How to Optimize Integration Performance
Question
How can I optimize the performance of my HVR 6 integration?
Environment
HVR 6
Answer
Most of our users consolidate data from multiple sources into one destination. Most integrations target an analytical rather than a transaction-processing destination.
You should optimize the performance of your integration for the following reasons:
- Replication must keep up with volumes coming from all sources. Some users have very high data volumes coming from multiple sources.
- Faster integration performance allows for earlier data availability in the target. Some use cases require data in near real-time.
- Destination costs on some platforms results in higher cost for lower latency.
How integration works
HVR 6 supports two integration modes, burst mode and continuous mode:
- Continuous mode replays changes from the source as single row operations on the target in change order. Continuous mode is useful for targets that must have integrity constraints that match integrity constraints on the source and to achieve minimal latency. We recommend that you only use continuous mode on a technology built for transaction processing that is well-indexed such as Oracle, SQL Server, PostgreSQL, etc.
- Burst mode stages data similarly to Fivetran, then applies the changes as micro batches to the target table. Burst mode is better at keeping up with data volumes from the source than continuous mode. We recommend that you use burst mode for analytical targets such as Snowflake, BigQuery, Redshift, etc.
NOTE: HVR's burst mode is more efficient per row as the volume of data in single run increases. As a result, this method generally keeps up with the change volume, based on the sync frequency or the resulting latency.
Performance bottlenecks
When you're optimizing your integration's performance, it's important to look out for performance bottlenecks. With the HVR 6 solution running in your environment, there are some performance aspects you can control based on the integration mode you choose.
- When running in burst mode:
- Does data reach the staging area in a timely manner? The
hvr.out
log file contains statistics that can help you answer this question. Could the network be the bottleneck and would an agent (an installation of HVR) closer to the target be beneficial? - Burst integration is temporarily CPU and memory intensive. Ideally, you'd reach 100% CPU utilization. If you have multiple sources, is your target system adequately sized? Do you have enough memory to allow for memory allocation without swapping to disk?
NOTE: HVR 6 prints a message to the log if the coalesce step cannot entirely be performed in memory. When this happens, HVR spills to disk for sorting. While running in memory would be faster, spilling to disk is not necessarily slow, provided you have fast storage for the HVR_TMP location. However, if memory is over-allocated and the OS starts swapping, then performance slows.

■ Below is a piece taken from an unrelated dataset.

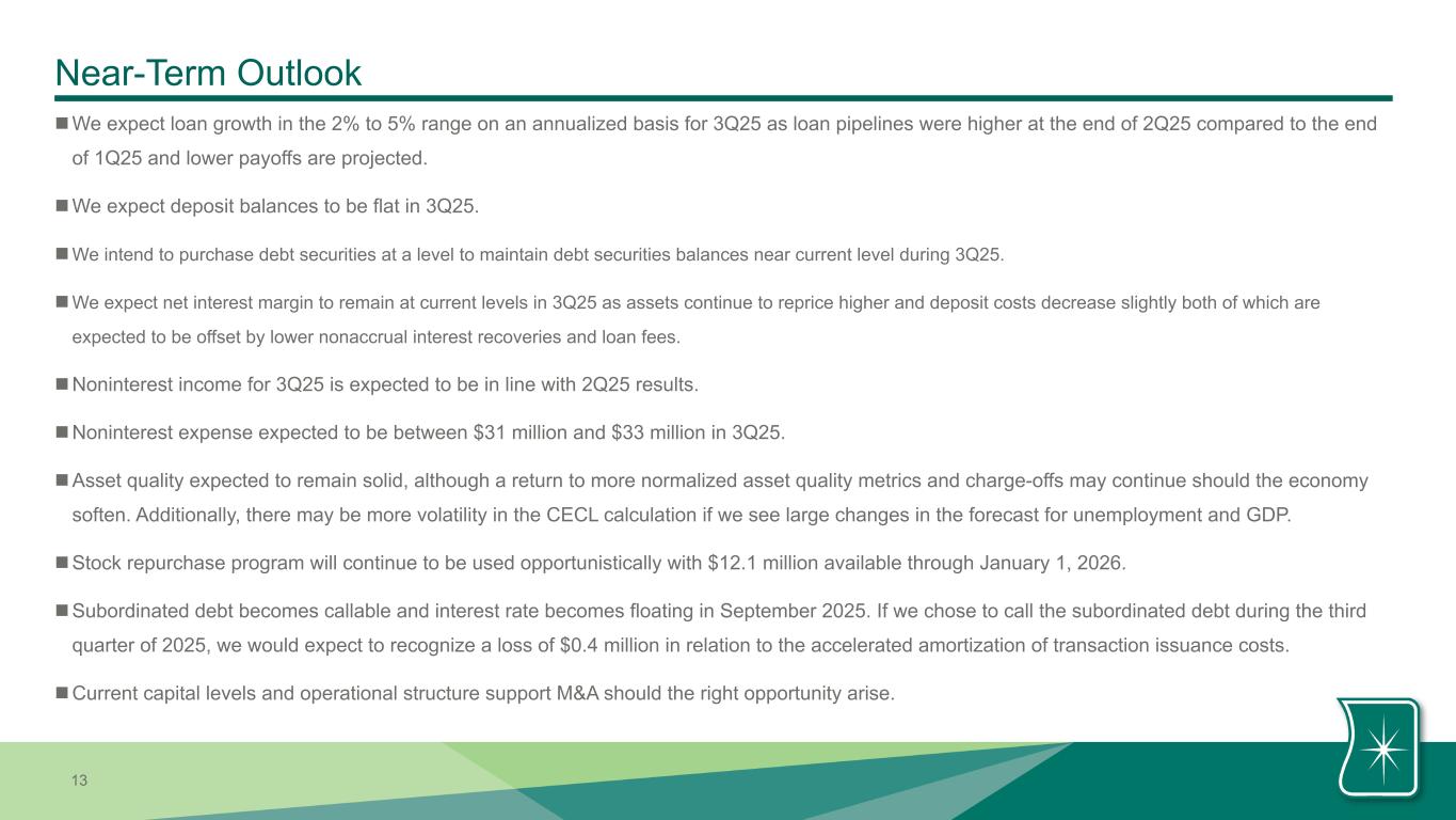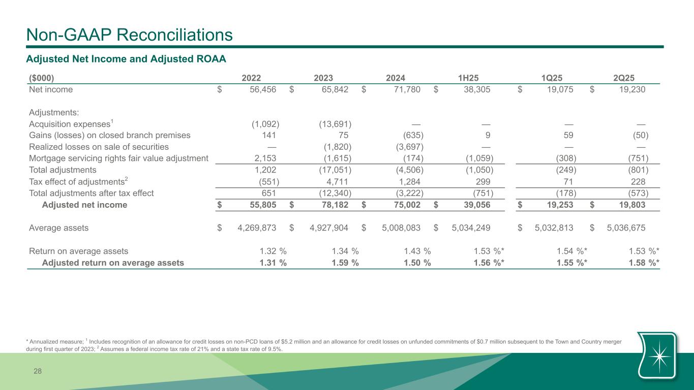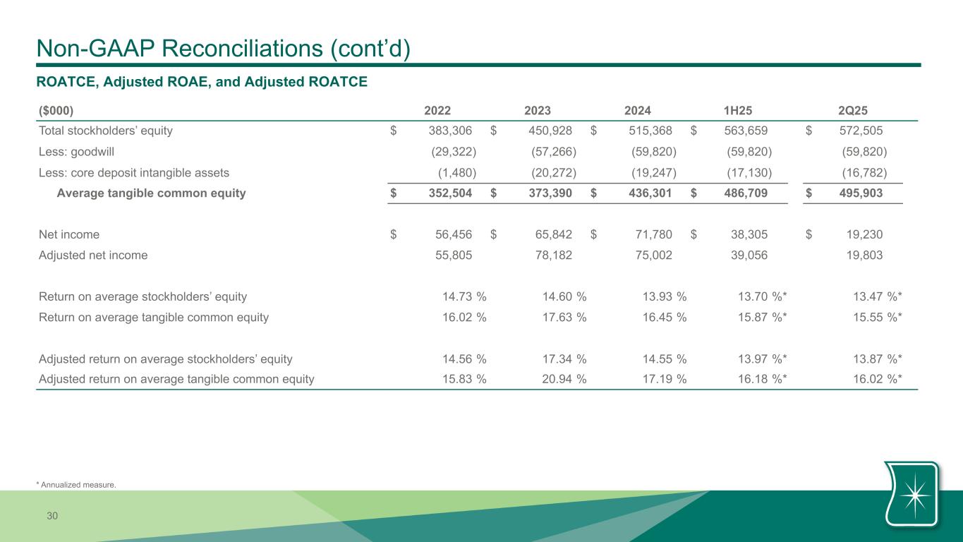 | Pre-provision net revenue less net charge-offs | $ | 25,837 | $ | 25,650 | $ | 25,443 | $ | 51,487 | $ | 46,696 | ||||||||||||||||||||||

- Fast storage (high IOPS, but also good throughput) is also important, depending on the target platform and the method of staging.
- Does data reach the staging area in a timely manner? The
- When running in continuous mode:
- Do you have a low latency connection to the target? With single row operations, there is a lot more chatter between HVR and the target system compared to the burst method, so a local agent (installation of HVR) as close to the target database as possible is critical.
- Is your target well-indexed? If HVR created the target tables, then it creates unique indexes on key columns. If a table does not have a key column, then no unique index is created. However, that doesn't mean indexes can't be useful to you, and you may have to analyze tables without a key for optimal performance.
- Is resilient processing taking place? When source and target are not quite in sync, then replication can continue with resilient processing enabled. In continuous mode, resilient processing can be less efficient than non-resilient processing. On indexed tables, the difference is hardly noticeable. However, on tables without a key, resilient processing can be dramatically slower.
Target system diagnostics
Regardless of which method of integration you use, consider using target system diagnostics.